Add to this that the army has issued a similar warning:
After two months of unrest, Ukraine’s army got involved in the ongoing political crisis, when the Ministry of Defense unexpectedly issued a Jan. 31 statement, asking President Viktor Yanukovych to “apply measures for stabilizing of situation in the country.”
The commanders called protesters’ occupation of government buildings “inadmissible” and said that “further escalation of confrontation threatens to integrity of the country.”
The decision to send Yanukovych a special letter was made at a general meeting of the ministry’s office the day before and, according to Anatoliy Hrytsenko, an opposition lawmaker and former defense minister, the officers had been pressured to support Yanukovych.
“I know for sure that officers, who were not agreeing to the ‘common approval’ are now being pressured by their commanders and chiefs,” Hrytsenko said on his Facebook page.
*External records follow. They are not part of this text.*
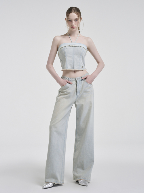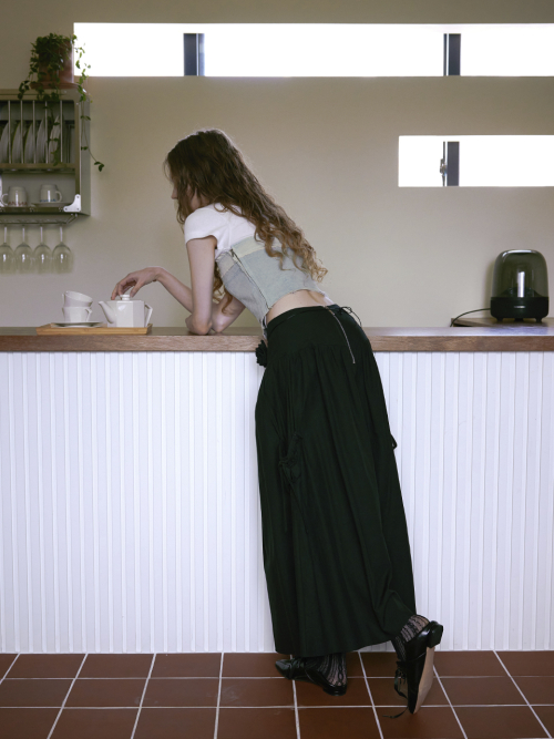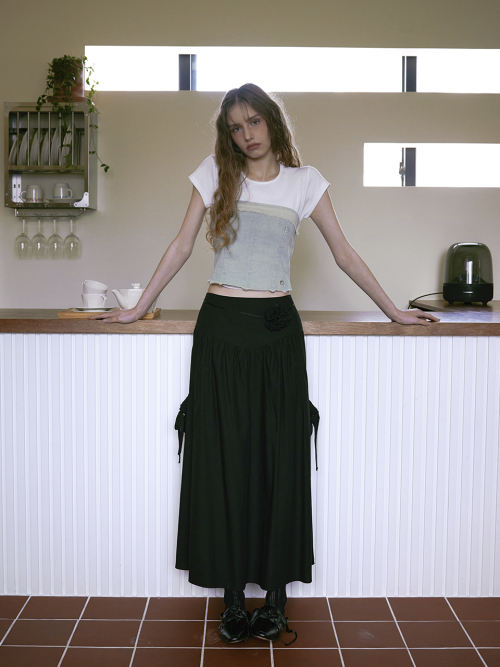 레이스 프릴 레이어드 슬림핏 사이드 셔링 나시 슬리브리스 _ 3COLOR
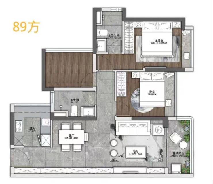 89㎡的三房,横厅设计,相比于78㎡的,主卧做了套房设计。且主卧与次卧的飘窗都很大,采光够好,住起来舒适度也会更高。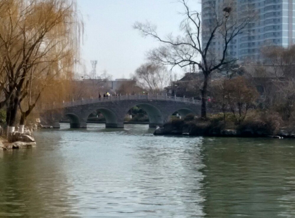 大明湖扩建修复的一个桥,和湖水相得益彰,值得一去。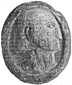 and was examined by a number of persons possessing respectable scientific attainments. As far as I am aware, however, neither its visible characteristics, nor its history, or its historical associations have ever been carefully studied by any conversant with American archæology. This carved stone was found at the point marked a in the accompanying map. For myself, while undertaking to comment upon this interesting memento of a past age, I must at the outset acknowledge my want of qualifications for the purpose, and explain that my object is rather to suggest than to dogmatize, and to give such small assistance to the learned as is comprised in scraps of information which I have been able to obtain from various sources.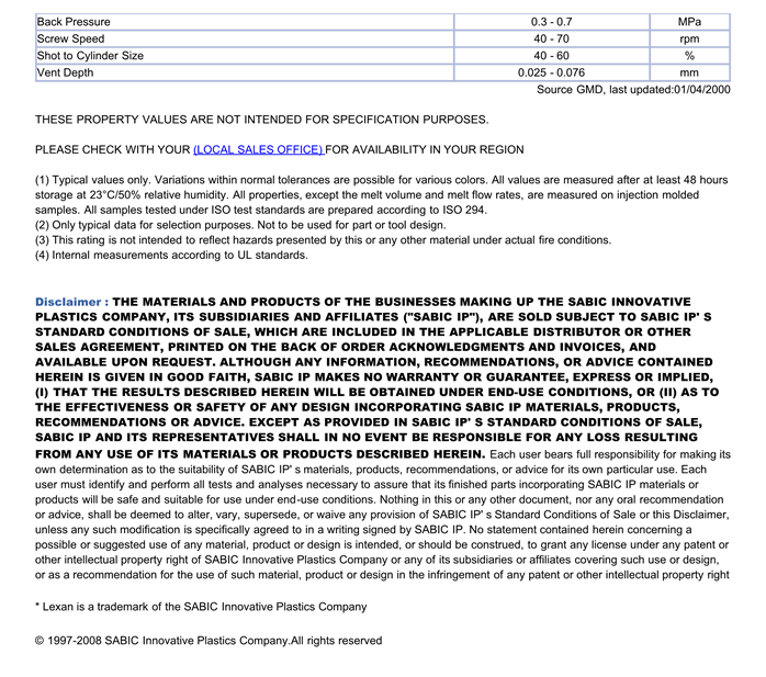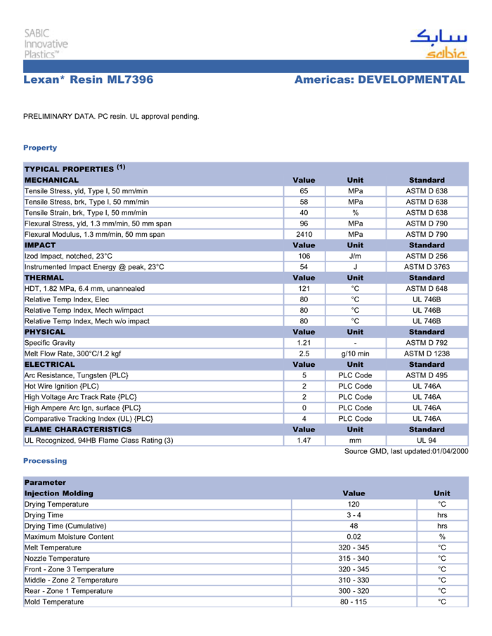 应用范围:产品描述LEXAN PC ML7396物性表PRELIMINARY DATA. PC resin. UL approval pending.

In its separate statement, the Defense Ministry also denied the reports that army was allegedly involved in assisting the police during the ongoing political crisis.
This report suggests that the army is divided, but is under pressure from the top. And the top is no doubt under pressure from Moscow.
All this suggests to me that a full-blown crackdown is being held in abeyance until the end of Sochi. In the meantime, the regime will wage a guerrilla war against the opposition. The opposition-and especially its leadership-will be terrorized by nightriders and roving gangs and “law enforcement.” Putin will give Yanukovych his marching orders. And sometime in late February, expect things to come to a climax. What we see now is a relative calm before a storm.
And what will the storm winds blow? I fear civil war, largely on regional lines, but not completely. Even parts of eastern Ukraine are restive. And if it comes to that, Putin will no doubt find a pretext for a more direct intervention, reprising the role of Nicholas I, “the gendarme of Europe,” who intervened to crush rebellions in Poland and the Hapsburg Empire. I do not think that Yanukovych has the forces to subjugate a country as large as Ukraine, especially if those forces are largely conscripts who will not be enthusiastic about attacking-and killing-their friends and family. I don’t know if Putin does either, but I cannot see him sitting idly by while Ukraine spins out of control.